Our analysis detected 160 Operational Taxonomic Units (OTUs) with 12,007,712 sequenced reads, 222,370 ± 41,954 (sd) reads per sample, for a total of 54 sequenced samples. The rarefaction curves showed good sequencing effort for the samples (Supplementary Figure S1) which were rarefied to the least count among samples corresponding to 135,443 reads. Twenty OTUs, (7.2% of the total), were assigned to taxa not relevant to our work (mainly to mosses and ferns during the periods October 2014–March 2015 and July–October 2015). From the remaining OTUs, 108 (88% of the reads) were taxonomically assigned to 32 families of vascular plants (68 identified taxa) (Table 2, Supplementary Table S1) and 32 OTUs (4.8% of the reads) remained unidentified either because of low sequence identity and/or query coverage percentage or the absence of any sequence classification result, even when compared to the complete ‘Nucleotide’ Genbank database. The results of the taxonomic assignment to vascular plants are presented in Supplementary Table S1. The OTU sequences were assigned to plant taxa with at least 95% identity and coverage, from which 70% of the OTUs had ≥ 98% sequence identity with the assigned taxa. The positive control of the DNA extraction, Corylus avellana pollen, was correctly identified after HTS. From the 19 negative controls included in the extraction plate, one negative control was selected for sequencing, the only one with sufficient amplicon concentration (2 ng μl−1).
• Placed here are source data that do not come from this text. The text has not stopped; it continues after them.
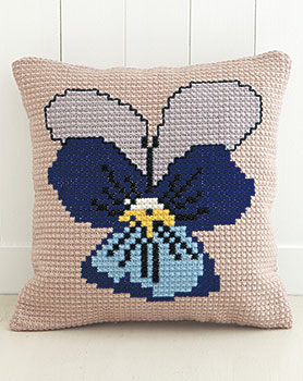 【キット作り方つき】 大きく一面に描かれたパンジーが印象的なデザインのクッション。初級の方へ。
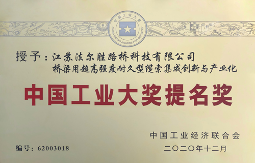 该提名大奖花落法尔胜,充分肯定了公司在创新驱动、转型升级、经济效益、节能减排等方面做出的贡献。值得一提的是,在2016年中国工业大奖发布会上,法尔胜泓昇集团荣获第四届“中国工业大奖”,本次获奖是法尔胜四年内第二次在中国工业大奖中斩获荣誉。
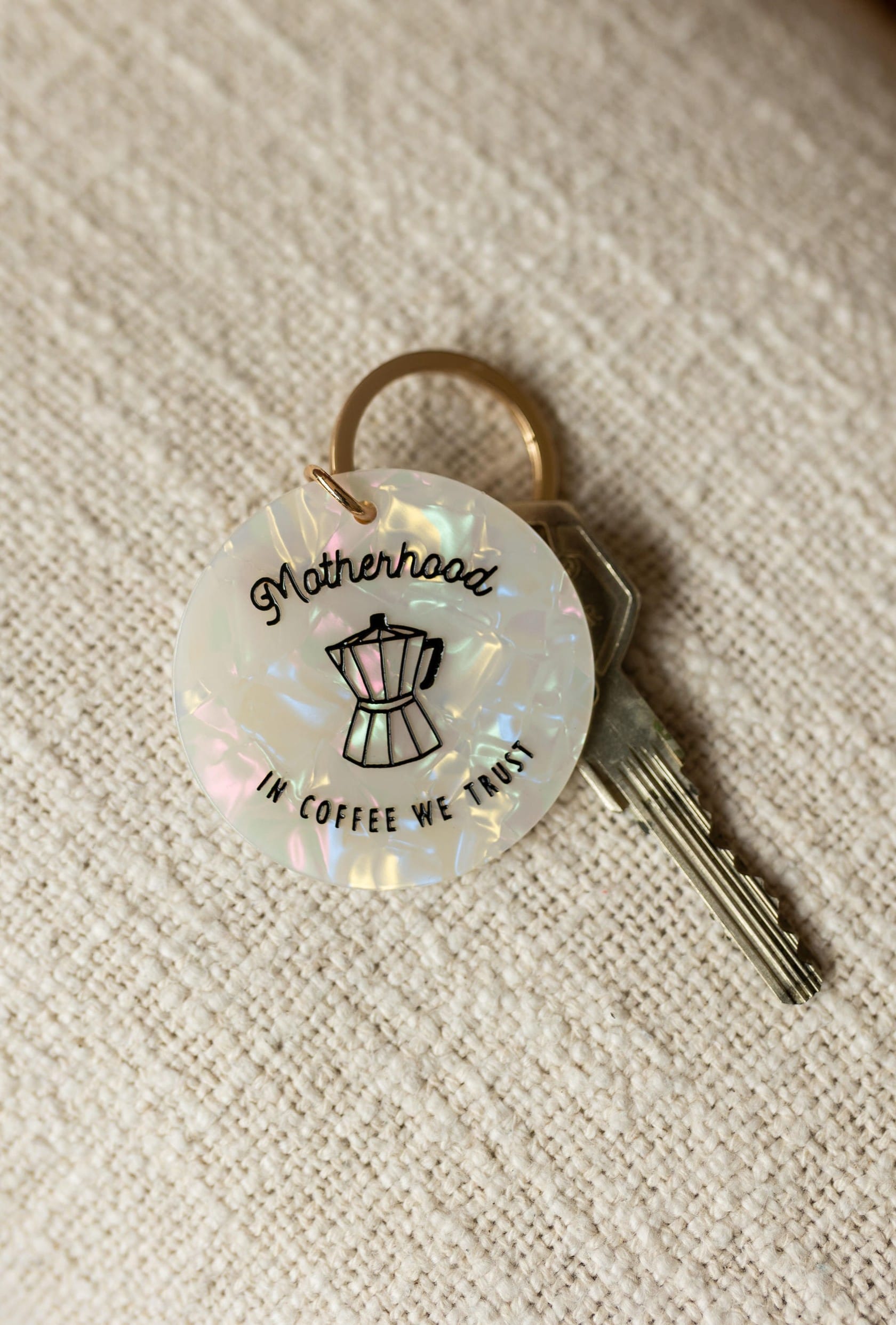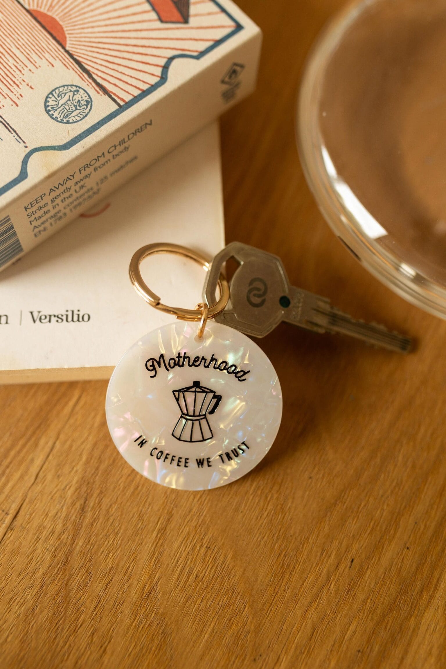 Ce porte-clés, c’est un peu le cri du cœur de toutes les mamans en mode survie. Une petite dose de vérité accrochée à vos clés : entre trois tétées et deux couches explosives, quand le réveil sonne et que vous avez dormi 3h par tranches de 20min, il vous rappelle que le café reste votre allié le plus fidèle pour tenir avec les nuits courtes et les journées à rallonge! (avec modération of course!) L’inscription « Motherhood, in coffee we trust » dit tout. Pas besoin d’en faire des caisses : si vous savez, vous savez! Solide, léger, et facile à retrouver…
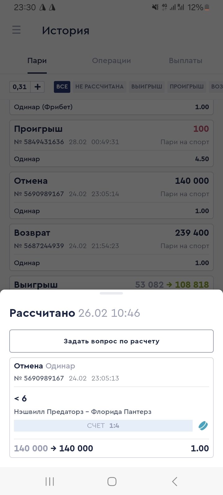 Здравствуйте. 24 февраля ставил 140 тысяч рублей на НХЛ, Нэшвилл - Флорида. Тотал меньше 6. По итогу забили 5 голов в основное время, но ставка рассчитана была с коэффициентом 1. Прошу рассчитать правильно, по нормальному коэффициенту, который был актуален в тот момент.
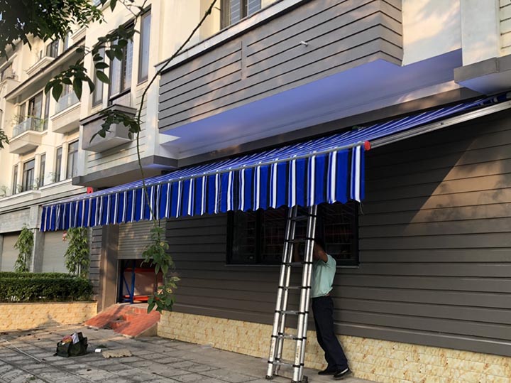 Nếu mặt bằng thoáng, không bị vướng (cột điện, biển quảng cáo…) thì quý khách chỉ cần đọc kích thước chiều ngang mặt tiền và độ dài muốn mái đua ra là chúng tôi sẽ chuẩn bị được đầy đủ linh kiện và may bạt cho quý khách để về tự lắp nhé!
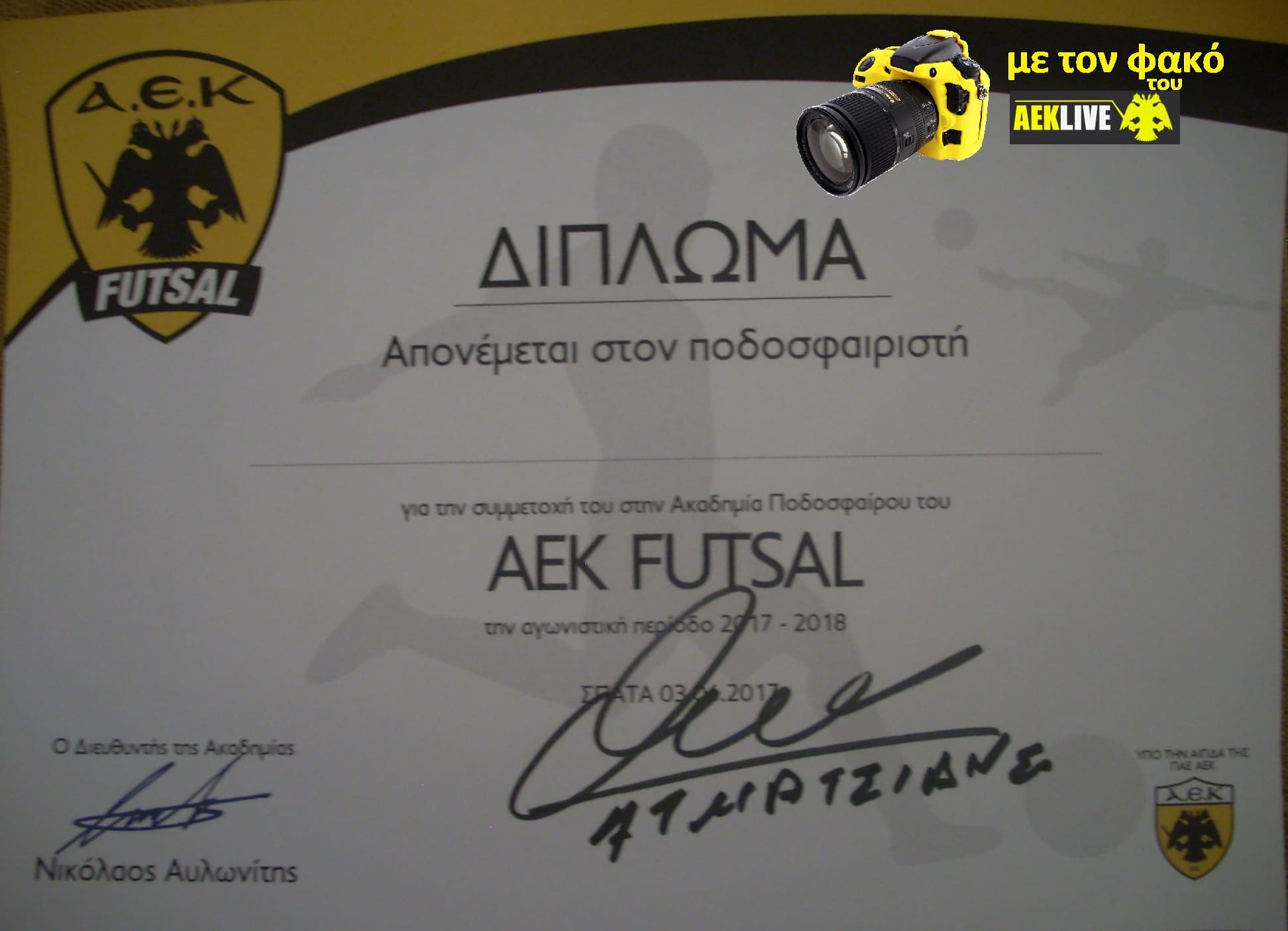 Στα Σπάτα βρέθηκε η ακαδημία futsal της ΑΕΚ για εσωτερικό τουρνουά και την παραλαβή των διπλωμάτων, για την περίοδο 2016-2017. Στο προπονητικό κέντρο υποδέχθηκαν τα μικρά αετόπουλα ο Ηλίας Ατματσίδης, ο Μιχάλης Βλάχος, ο Μιχάλης Παυλής και ο νέος υπεύθυνος των ακαδημιών, μαζί με τον Άκη Ζήκο, Γιάννης Σαμαράς.
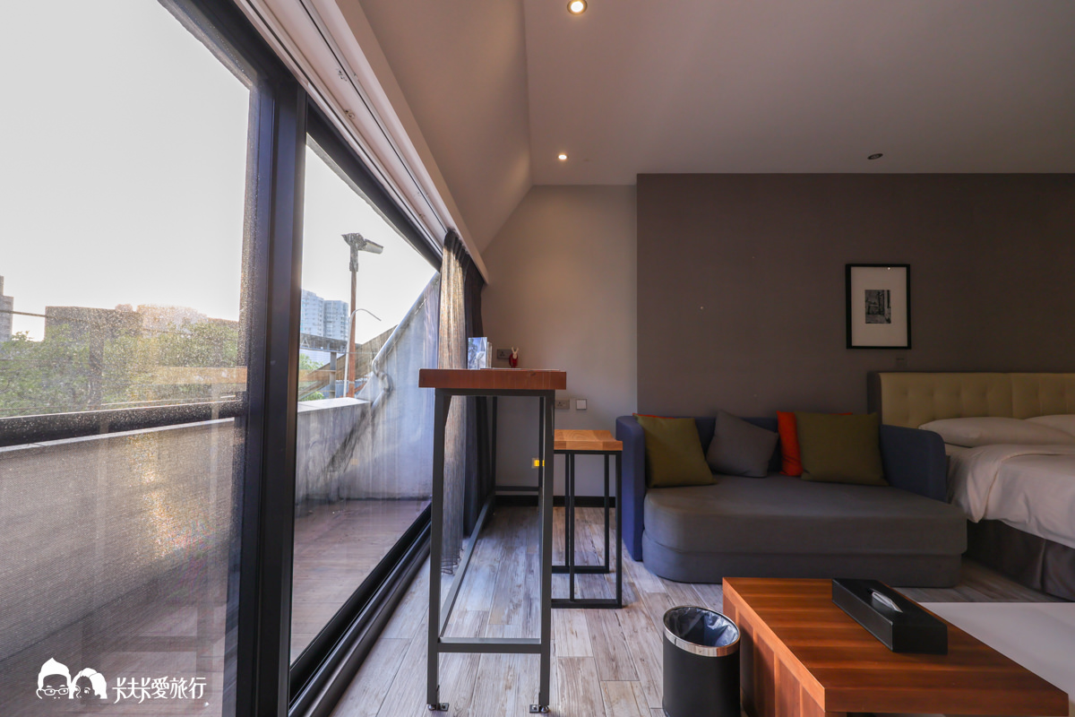 窗邊的小沙發與高腳桌很適合發呆,這樣的設計很窩心,還沒要入睡時可以有一個短暫休息的地方,夜裡還能坐著享受追劇時光
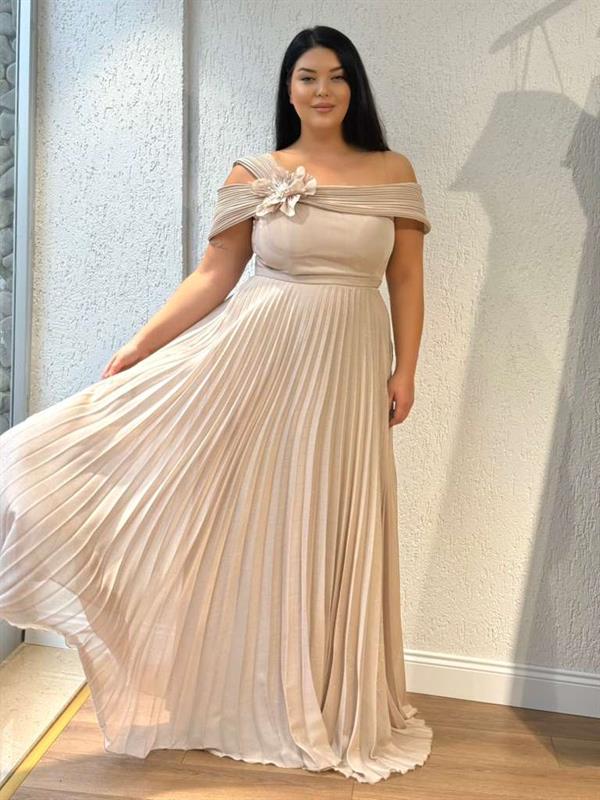 Büyük Beden Pileseli Kadın Abiye Elbise - Bej (25650)
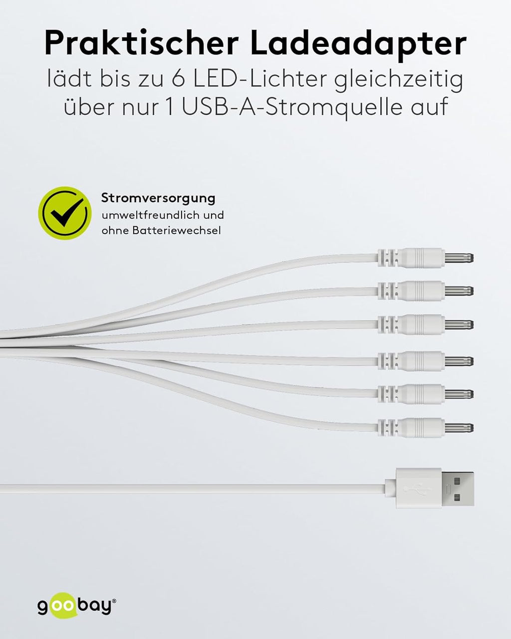 • Der praktische Ladeadapter lädt bis zu sechs LED-Lichter gleichzeitig über nur eine USB-A-Stromquelle auf (5-V-USB-Ladekabel enthalten, 1 m Länge)
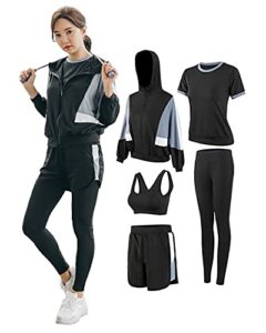 [DawnRain] スポーツウェア レディース ヨガウェア トレーニングウェア ランニング 上下 5点セット ジム フィットネス
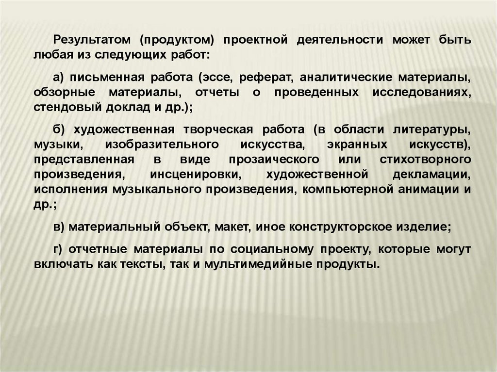 Результатом (продуктом) проектной деятельности может бытьлюбая из следующих работ:
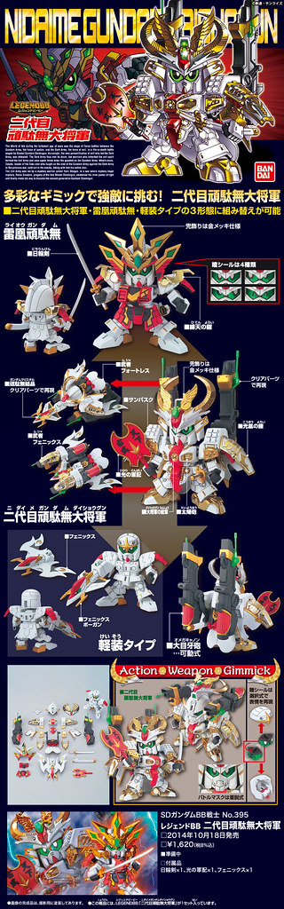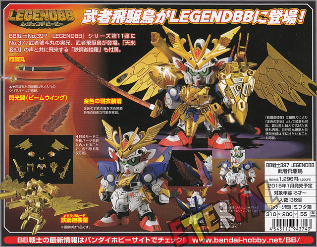 ▼ BB戰士NO.397 LEGEND BB武者飛驅鳥,即將於明年一月推出,這是NO.126武者飛驅鳥的再製版,以V2鋼彈為原型,最早登場於《七人之超將軍篇》,平常除了「輕裝型態」和鎧甲著裝之後的「武者型態」之外,只要高呼一聲「天來變幻」,即能穿上名為「鋼鐵迦樓羅」的金色鎧甲。

In this sample two OTUs were detected (263,649 reads), both assigned to Quercus spp. and contributing < 0.005% to the counts of the rest of the samples. The average amplicon concentration of the three pooled PCR products (before library preparation) was 8.7 ± 4.6 (sd) ng μl−1.

Table 2 Quantitative data for the sequenced reads and the vascular plant taxa that were identified at the different sampling periods and habitats.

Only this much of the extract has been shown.